“I Want Friends, But They Don’t Want Me”
Hyperactive, awkward, and immature: with these off-putting traits of attention deficit, my son might as well have a “kick me” sign on his back when it comes to his peers.
My son, Ricochet, has had trouble socially ever since his peers were old enough to be perceptive and discerning. By second grade, he came home and told me about kids being mean to him at school. He was up against a throw-you-on-the-ground-on-the-playground-and-punch-you-repeatedly bully in third grade — a kid who, with his posse of miniature thugs, taunted Ricochet until he reacted.
In the three years since, my son has been called “gay,” “dummy,” “dork,” “baby,” among other things. Ricochet may not be able to read social cues like body language and tone of voice, but he knows that being punched and called names hurts.

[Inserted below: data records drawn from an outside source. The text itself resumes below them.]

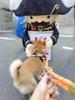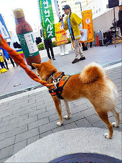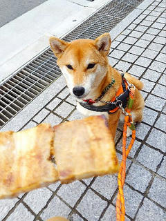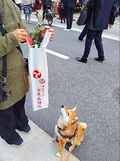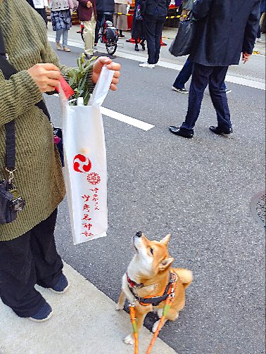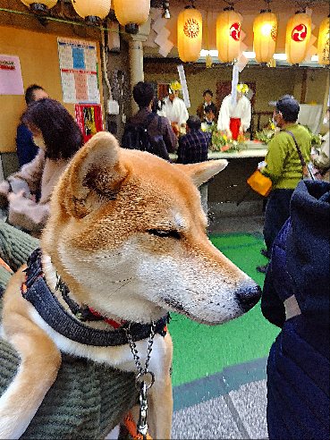 お店の中を練り歩いて、目的の店を発見の柴犬さん。
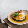 Poached eggs, rosti, light hollandaise, spinach, chives, side salad, dressing.
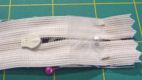 - Place the tab right sides together with the bottom end of the zipper. The marked stitching line on the tab should sit just above the bottom zipper stop. Pin in place.
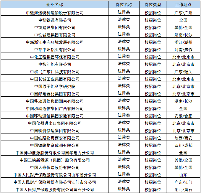 特别精选:法律类招聘岗位情况汇总工作地点遍布全国及海外↓下滑寻找你所意向的岗位吧↓社招岗位(点击图片查看详情)
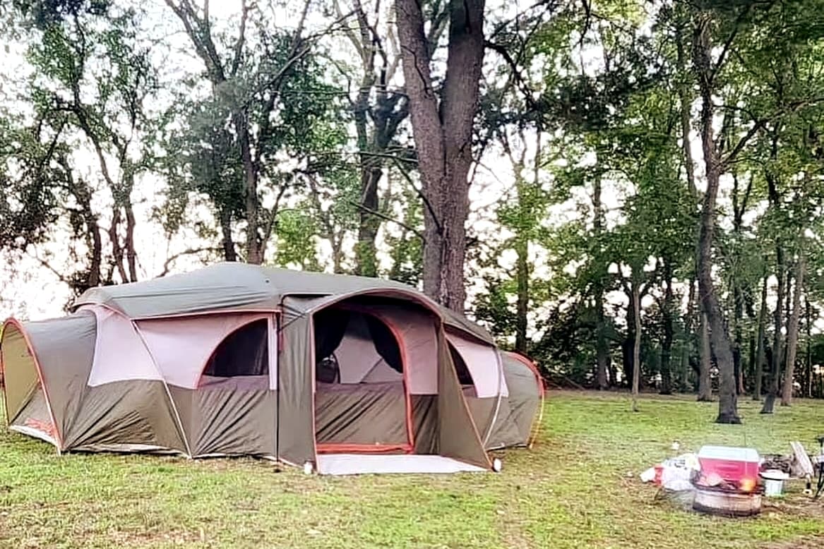 Nous vous invitons à séjourner à Hidden Ridge, un refuge boisé privé situé à Otter Lake, Girard, Illinois, pour une expérience de camping authentique. Une tente murale de 14 x 16 avec un lit Queen Size et une salle de bain séparée avec un espace pour cuisiner à l'extérieur est fournie. Il y a beaucoup d'espace pour des tentes, des lits de camp ou des matelas pneumatiques supplémentaires.
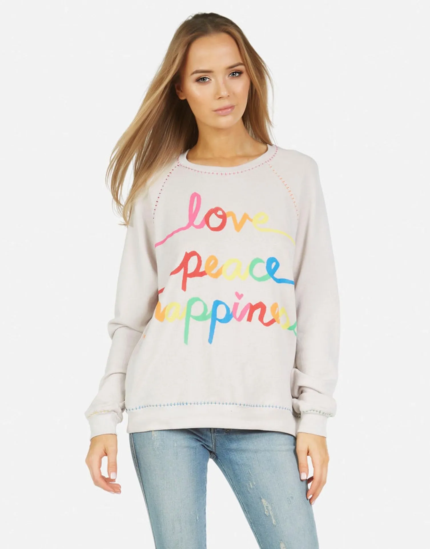Love Peace Happiness Printed On Ultra Soft Lightweight Pullover In Cloud By Lauren Moshi.
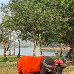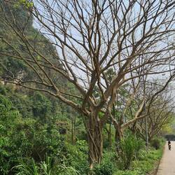 Am 2. Tag drehen wir eine Runde mit dem Motorrad und entdecken so schöne Ecken. Wir fahren durch Reisfelder, an Seen vorbei, in denen sich die Felsen spiegeln, an Bäumen die traumhaft verwachsen an allen Ecken stehen und das lebhafte Treiben der Besucher und Einheimischen still beobachten.
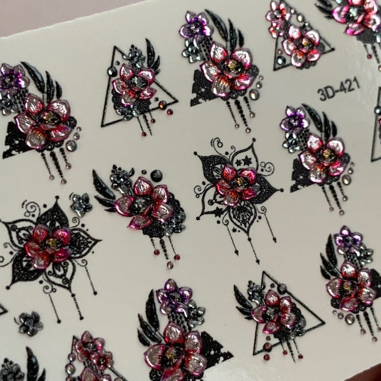 ANNA TKACHEVA Water decal 3D Crystal HT3D421, 1 pz. Istruzioni per l'uso: 1. Effettuare una preparazione standard della lamina ungueale.2. Selezionare il modello appropriato, tagliare l'immagine alla dimensione dell'unghia. 3. Applicare la base,polimerizzare. Applicare uno strato sottile del semipermanente bianco, se richiesto dal design del water decal. Polimerizzare. 4. Applicare uno strato sottile della base. Non polimerizzare. 5. Mettere il water decal su un disco di cotone inumidito con acqua calda (non fredda!) Per circa 10-15 secondi. Spostarlo trasferendo la pellicola sull'unghia. Raddrizzare la pellicola, tirando leggermente verso l'alto il bordo libero. Distendere con cura le pieghe, estraendo i resti di aria e acqua con un panno morbido, un pennello piatto o con le dita. Polimerizzare a tempo pieno. (UV - 2 min, led -30-60 sec). 6. Utilizzando la lima fine, dall'alto verso il basso, rimuovere delicatamente la pellicola in eccesso dal bordo libero dell'unghia. 7. Coprire 2 volte con il top coat, ben sigillando il bordo libero.
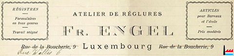 | 5.1928 | ![]() Atelier de reliure Fr. Engel, Luxembourg, Registres - formulaires en tous genres, travail soigné, articles pour Bureaux et l'école, prix modérés |
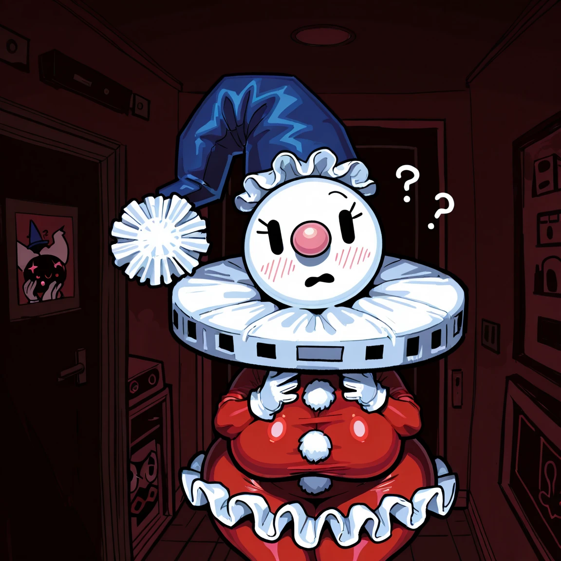 Pierre, (+ shaped eyes,) white head, blue hat, black dots on hat, white fluff on end of hat, red body, white gloves, skirt,
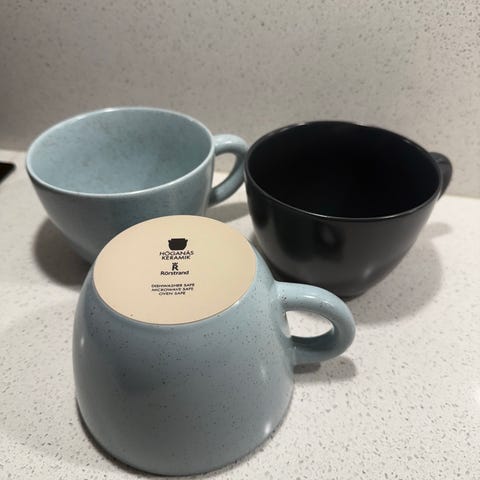Ernst tekanna och fyra matchande te-muggar i grå & ljusgrå keramik, med citat ”i det enkla” på både kannan och muggarna.
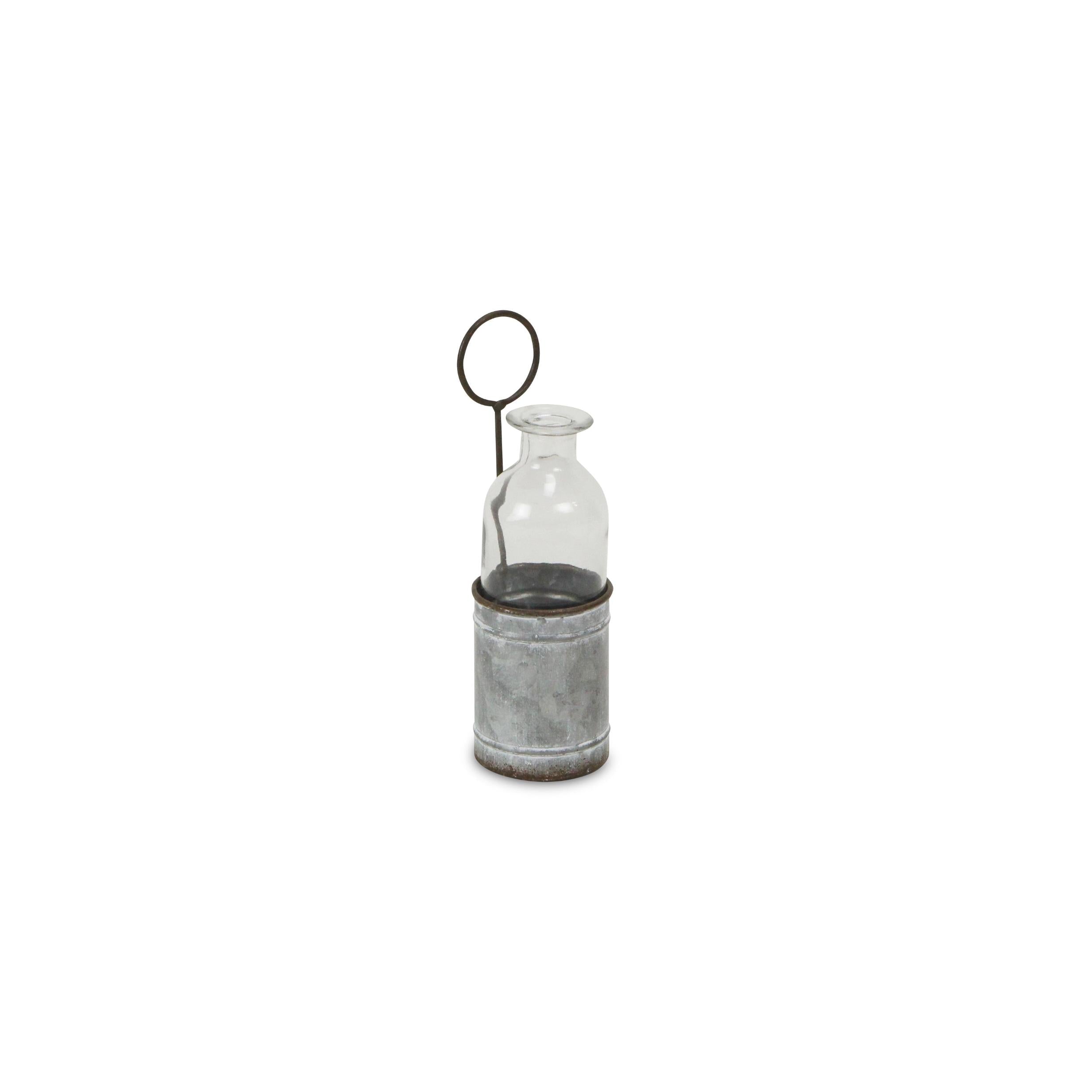 Unique and decorative, this 8" gray galvanized metal and glass jar holder will leave a lasting impression....
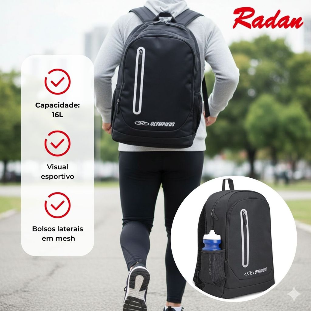 A Mochila Unissex Olympikus Braze Mesh Notebook Preto/Prata foi desenvolvida para acompanhar a rotina com praticidade, resistência e visual esportivo moderno. Versátil, é ideal para o dia a dia, treinos, estudos ou deslocamentos urbanos. Confeccionada em tecido 100% poliéster, a Mochila Olympikus Braze oferece leveza e durabilidade para o uso diário. Possui dois compartimentos grandes, sendo o principal com espaço dedicado para notebook, garantindo organização e segurança para seus pertences. O modelo conta com bolsos laterais em mesh, ideais para garrafas de água ou itens pequenos, além de bolso frontal com fechamento em zíper e acabamento em hotmelt tape, que reforça a proteção e o design. Os puxadores emborrachados com logo em alto relevo facilitam a abertura. As alças reguláveis permitem ajuste firme e confortável ao corpo, enquanto a alça de mão proporciona praticidade no transporte. O destaque fica por conta da tecnologia refletiva, que aumenta a visibilidade em ambientes com pouca iluminação, trazendo mais segurança para atividades esportivas e uso urbano. As Lojas Radan contam com 10 lojas físicas no Rio Grande do Sul, oferecendo esta e uma grande variedade de produtos e marcas de calçados e vestuário feminino, masculino, infantil e esportivo. Compre online com entrega rápida para todo o Brasil ou em uma de nossas lojas físicas, aproveitando nossa experiência e adquirindo produtos de qualidade. Aproveite! Produto de autenticidade garantida vendido pela Lojas Radan. A cor do produto nas fotos pode sofrer alteração em decorrência do uso do flash ou da configuração do seu monitor. Características: Nome do produto: Mochila Unissex Olympikus Braze Mesh Notebook Preto/Prata Modelo: OIWB221802 Indicado: Dia a dia, esportivo Composição: 100% Poliéster Fechamento: Zíper Compartimentos: Dois compartimentos principais Compartimento interno para notebook Bolsos: Bolsos laterais em mesh Bolso frontal com zíper e acabamento hotmelt tape Alças: Reguláveis + alça de mão Tecnologia: Refletiva (aumenta a visibilidade em ambientes com pouca iluminação) Diferencial: Leve, resistente, funcional e com detalhes refletivos Tamanho: Único Peso do produto: 460g Produto Original: Autenticidade garantida pelas Lojas Radan.
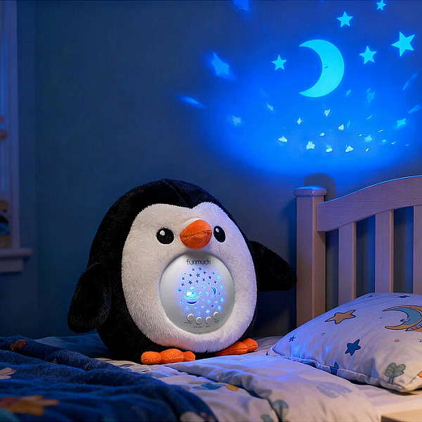 Мягкая музыкальная игрушка с проектором. Имеет световые и звуковые эффекты: воспроизводит 20 приятных мелодий и проекцию ночного звездного неба изменяя 5 цветов света .Игрушка непрерывно работает в течение 20 минут. Можно стирать, предварительно вынув музыкальный блок. Высота игрушки 18 см

Each school year Ricochet instantly connects with a kid or two in his class who is hyperactive and awkward, like Ricochet. The same was true this past school year, in fifth grade. His teacher came to IEP meetings and told me my son does great socially, because he spends all of his time with two other boys in his class — outcasts like Ricochet. The school thinks he’s doing just fine with social skills.
Outside of recess, where these imaginative boys can be themselves together, Ricochet struggles a lot. This momma’s heart breaks because, at 11 years old, he’s too old for me to step in and mediate. He’s gullible, immature, and awkward — he might as well have a “kick me” sign on his back.
We used to live at the top of a mountain when Ricochet was younger. We moved off the mountain and into a traditional neighborhood almost two years ago, in part so that our children could learn to ride a bike, and have other kids within walking distance to hang out with. We settled into our neighborhood in fall 2012 and began looking around for boys Ricochet’s age. There didn’t seem to be any until a family moved in across the street about six months later. They had a boy in fourth grade also. It seemed like kismet.
I recognized that Ricochet’s quirks and obsessions could be annoying to his peers, so I didn’t know if these boys would be friends. The possibility for my kiddo was exciting, though. They quickly began to play outside, play video games, and build Legos together. They became fast friends and spent a good amount of time together. They are in the same grade, but Ricochet is almost a year older than our neighbor, so that bridges some of the maturity gap and works to his advantage.
A year went by with a few misunderstandings and disputes, but the boys remained friends. Then it changed seemingly in an instant. As a pre-teen, his friend began spending more time with his older brother and emulating him. Pretty soon, Ricochet became the target of jokes and aggressive behavior from our neighbor boys. His calm, kind friend was neither calm nor kind anymore.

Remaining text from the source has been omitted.